▸ Your goal
The lines to retype run from the one containing "Step 1: Click" through the end of the listing below. Reproduce them exactly, leaving out pictures.

▸ Data shown
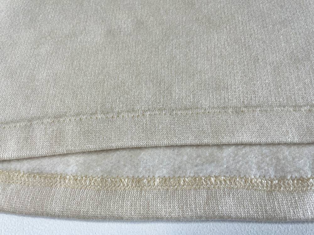 Обработать нижние срезы свитшота. Здесь нет никаких жёстких правил. Счастливые обладатели плоскошовных машин подогнуть край и подошьют его специальным швом. Если машинка простая бытовая, то вполне годятся швы зигзаг или другие трикотажные швы, — их в современных машинках всегда несколько разновидностей
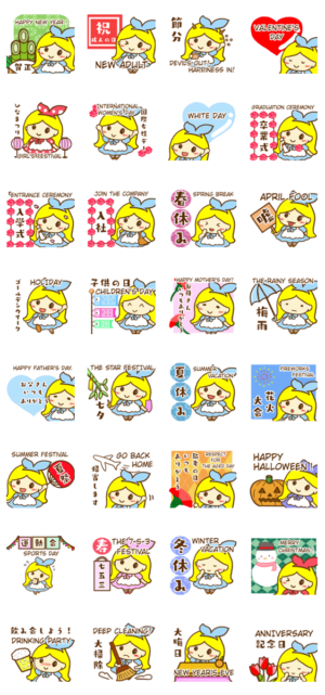 年間通して使える、不思議な国のアリスの季節行事やお祭りのスタンプです。
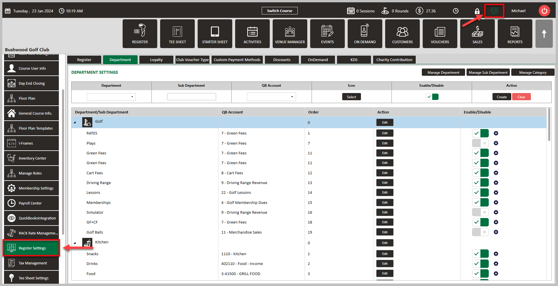 Step 1: Click on the Gear Wheel icon on the top right corner of the screen. Then, click on Register Settings from the left hand menu.
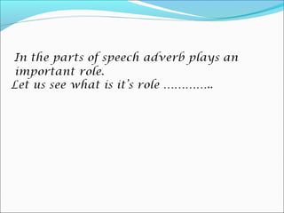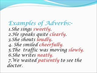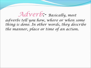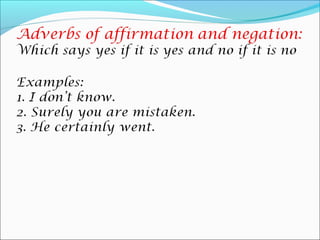 It provides examples of different adverbs and notes that many adverbs are formed by adding "ly" to adjectives. Exercises are included for students to identify different types of adverbs.

▸ Finished task
 Step 1: Click on the Gear Wheel icon on the top right corner of the screen. Then, click on Register Settings from the left hand menu.
 It provides examples of different adverbs and notes that many adverbs are formed by adding "ly" to adjectives. Exercises are included for students to identify different types of adverbs.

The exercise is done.